● **Required work**
After finding "在中國鐵路太原局集團有限公司" in the material below, output its line and every line after it through the last, exactly, but not the pictures.

● **Recorded information**

□ □ □ □ □

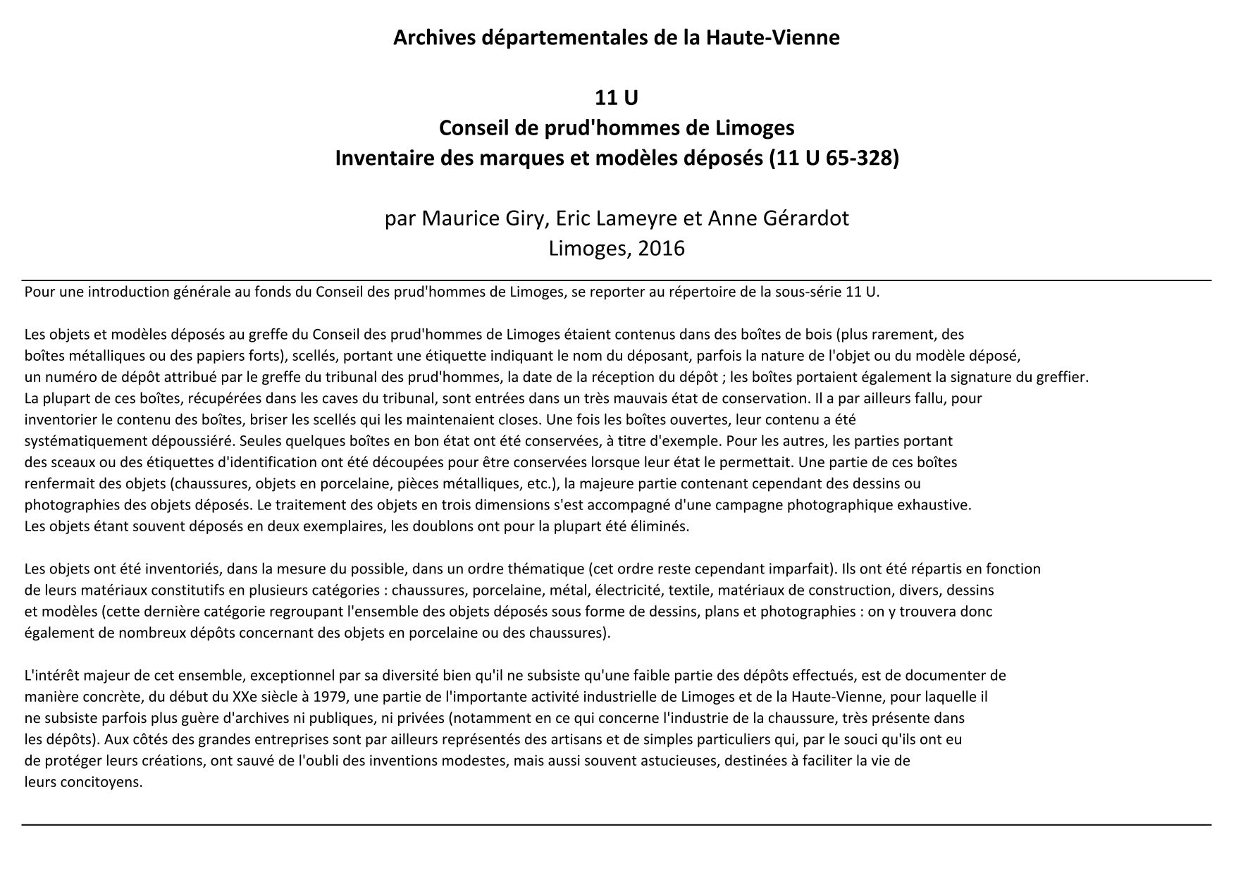 11 U 65-328. Inventaire des marques et modèles déposés, par M. Giry, E. Lameyre et A. Gérardot, 2016, 22 p. dact.
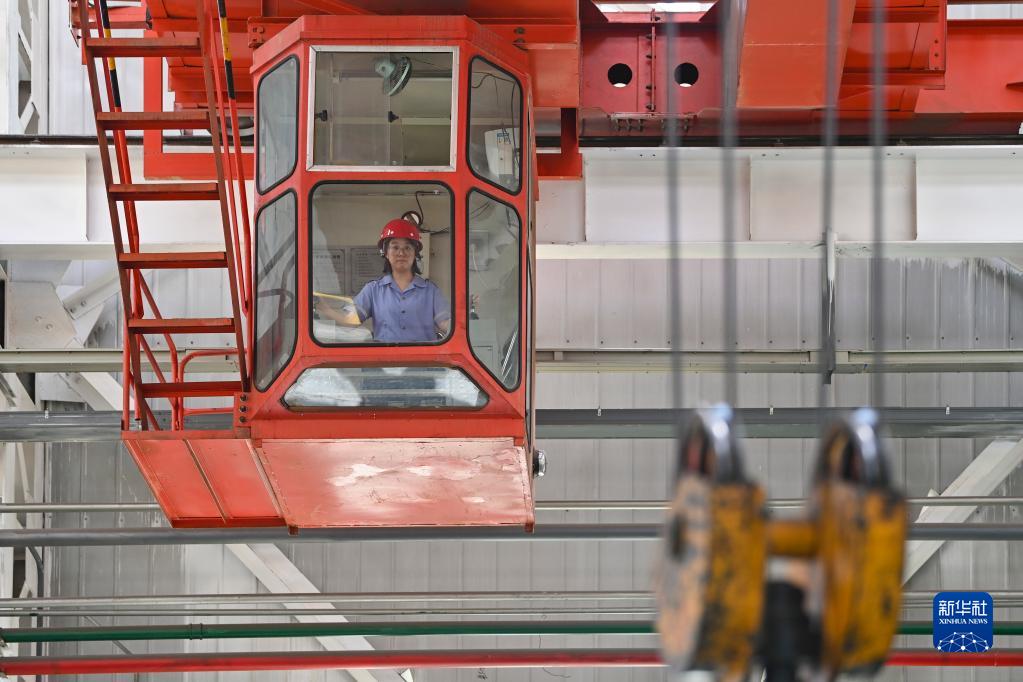 在中國鐵路太原局集團有限公司太原機務(wù)段太北檢修車(chē)間,天車(chē)司機王孟媛在天車(chē)上作業(yè)(6月20日攝)。
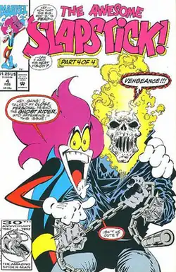 ![]() Slapstick and Ghost Rider in the cover of The Awesome Slapstick #4 (February 1993). Art by James Fry. | |
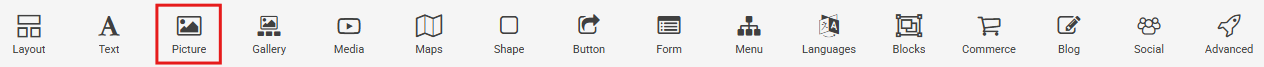 - 於web builders menu中點擊"圖片"工具。 Click "Pictures" in widget bar.

□ □ □ □ □

● **Exercise solution**
 在中國鐵路太原局集團有限公司太原機務(wù)段太北檢修車(chē)間,天車(chē)司機王孟媛在天車(chē)上作業(yè)(6月20日攝)。
 ![]() Slapstick and Ghost Rider in the cover of The Awesome Slapstick #4 (February 1993). Art by James Fry. | |
 - 於web builders menu中點擊"圖片"工具。 Click "Pictures" in widget bar.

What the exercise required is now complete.